• U.S.

A Letter From The Publisher: may 22, 1964

4 minute read
TIME

“It goes without saying that a lot can happen in the two months before the Republican Convention.” —TIME, May 8

Covering Nelson Rockefeller from handshake to handshake in Oregon last week, Correspondent Nick Thimmesch realized that quite a lot was happening. Nick has been following Rockefeller ever since the New York Governor set out on the campaign for the 1964 Presidential nomination, and he knows how the candidate performs and what reaction follows.* And so, at midweek, he cast a sidewise glance at the polls that unanimously predicted a victory for Henry Cabot Lodge, and sent the editors in New York a wire: “There is a strong flow toward Battling Nelson.”
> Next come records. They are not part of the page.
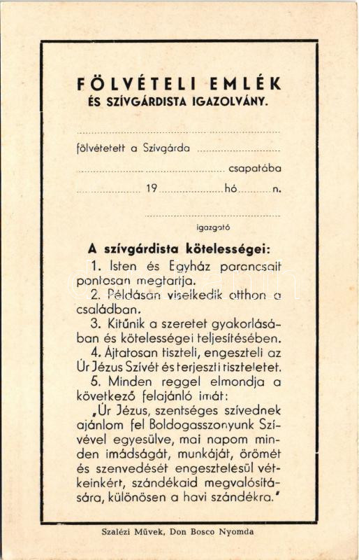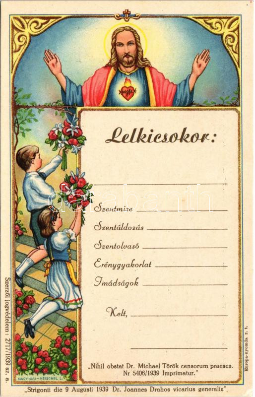 Lelkicsokor. "Nihil obstat dr. Michael Török censorum praeses Nr. 5406/1939. Imprimatur. Hátoldalán szívgárdista igazolvány / Hungarian religious card (non PC) (EK)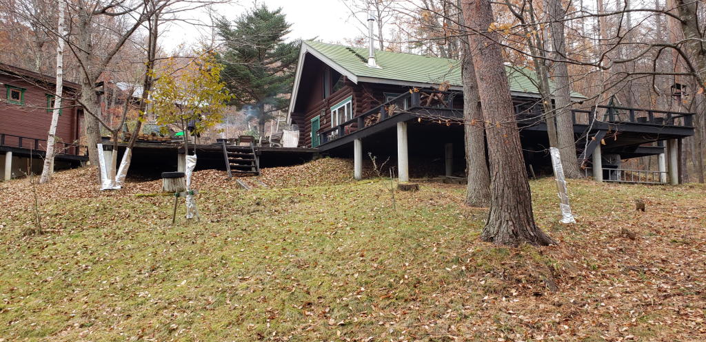 残った「枯れ葉のブロワ吹き作業」は、今年は暖かいためか、まだ落葉が終わってない木々が多いため、次回滞在時への先送り決定。私がウラジロモミ等の枝の伐採を始めたところで、雨がひどくなり、庭での作業を中断した。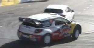 También estuvo girando su compañero de equipo, el finlandés Mikko Hirvonen, quien en un momento se paró sobre el asfalto, como si fuera un torero, mientras Loeb giraba a su alrededor a escasísimos centímetros ante el delirio de los presentes.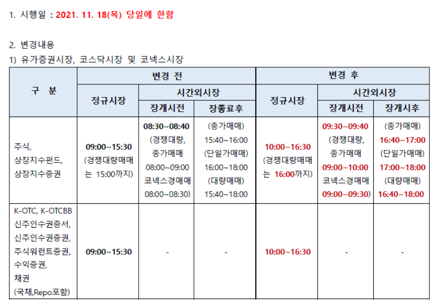 2022학년도 대학수학능력 시험 실시에 따라 주식 및 파생상품 거래시간이 아래와 같이 임시적으로 변경되오니 거래에 참고하십시오.

Soon after the Oregon result was clear, the editors decided to postpone the nonpolitical cover that was coming off the press and switch to Nelson Rockefeller. Working largely from the reporting of Thimmesch and San Francisco Correspondent Roger Stone, who covered the general side of the Oregon campaign, Writers David Lee and Ronald Kriss put together the cover story for Senior Editor Champ Clark. In the process, all of them found renewed confidence in an old principle: political polls may stir up a lot of publicity, but they are no substitute for knowing, thinking journalists.

Correspondent George de Carvalho is beginning to rank as an expert on exotic rivers. Five years ago, as our Rio de Janeiro bureau chief, he suggested and did the reporting for the color story on the Amazon (Nov. 23, 1959). Not long after he became Beirut bureau chief in 1962, he began to visualize color pages of the Nile. Last summer he sold his idea to the editors; the results, thousands of miles, words and transparencies later, are the eight pages of color pictures and a timely story.
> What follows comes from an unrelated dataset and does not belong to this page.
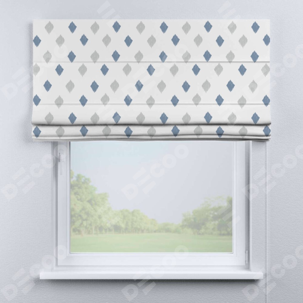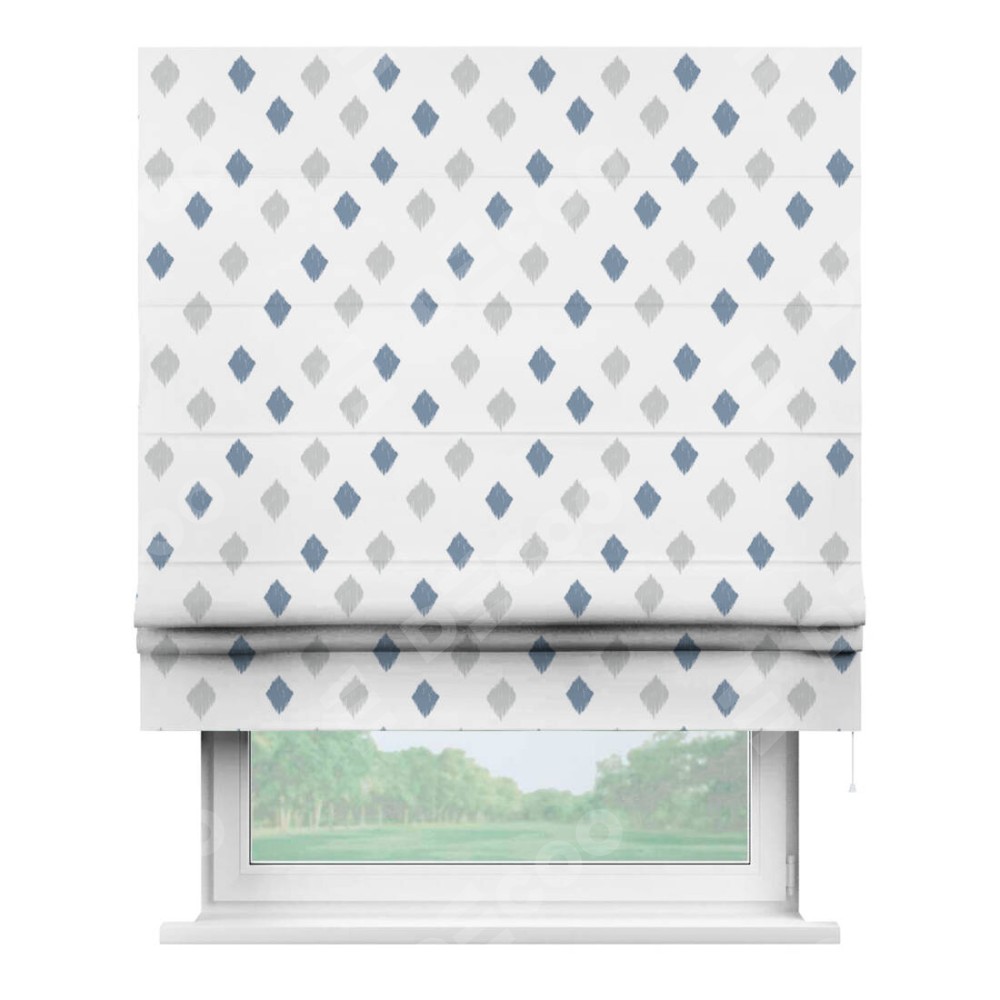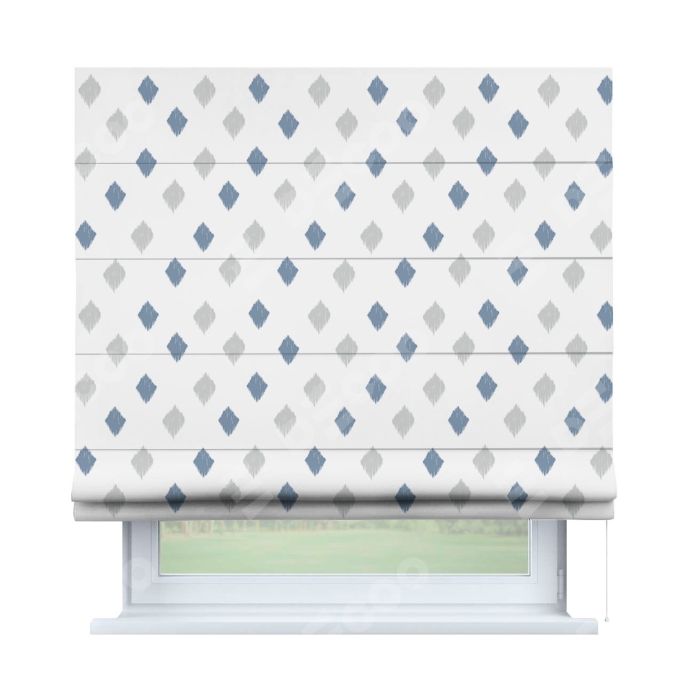 Классическая римская штора производителя «Cortin», пошита из ткани блэкаут с нанесением сублимационной печати «Икат ромбики». Имеет универсальный механизм и подходит для монтажа: на потолок, на стену и в нишу.

From the correspondent’s suggestion to the printed pages, the project came under the major care of two senior editors (Henry Grunwald and Cranston Jones), two associate editors (Peter Bird Martin and Charles P. Jackson), two contributing editors (Robert Jones and Arnold Drapkin), two editorial researchers (Deborah Hall and Rosemary Frank), one map maker (Robert Chapin) and one photographer—Laurence Lowry. While all those idea-and-word people had their moments, Photographer Lowry probably had the most excitement.

He found the Egyptians leary about letting him take aerial photographs of bridges, and the Russian technicians at the Aswan dam unwilling to speak to him. But he made his way through the Red tape, and won the cooperation of the Arabs. He took the opening picture in the color pages—a view of the Aswan cofferdam—with an F-8 Fairchild camera from a DC-3 owned by a United Arab Republic airline. With the door removed from the plane, Lowry stood in the open, a rope lashed around his waist and an chored to the tie-down rings. He took the picture on the last color page—a gold and green view of Giza—from a helicopter flown by a U.A.R. Air Force crew, firing away with his F-8 from a sitting position in the doorway with his feet on the landing gear. This was more or less routine for Lowry, an expert in aerial photography, but he felt a bit queasy when he was shooting the interior of one of the dam tunnels. “Things kept falling from the ceiling,” he said. “I think the workmen there are either very courageous or very fatalistic.”

* By now he is so familiar with Rockefeller’s speeches that he uses a simple set of abbreviations to note the subjects covered: FUNVAL—fundamental values; MOAT —mainstream of American thought; FISTEG —fiscal integrity; GOVECLOP—government closest to the people; EQUOP—equal opportunity; BOMFOG—brotherhood of man under Fatherhood of God.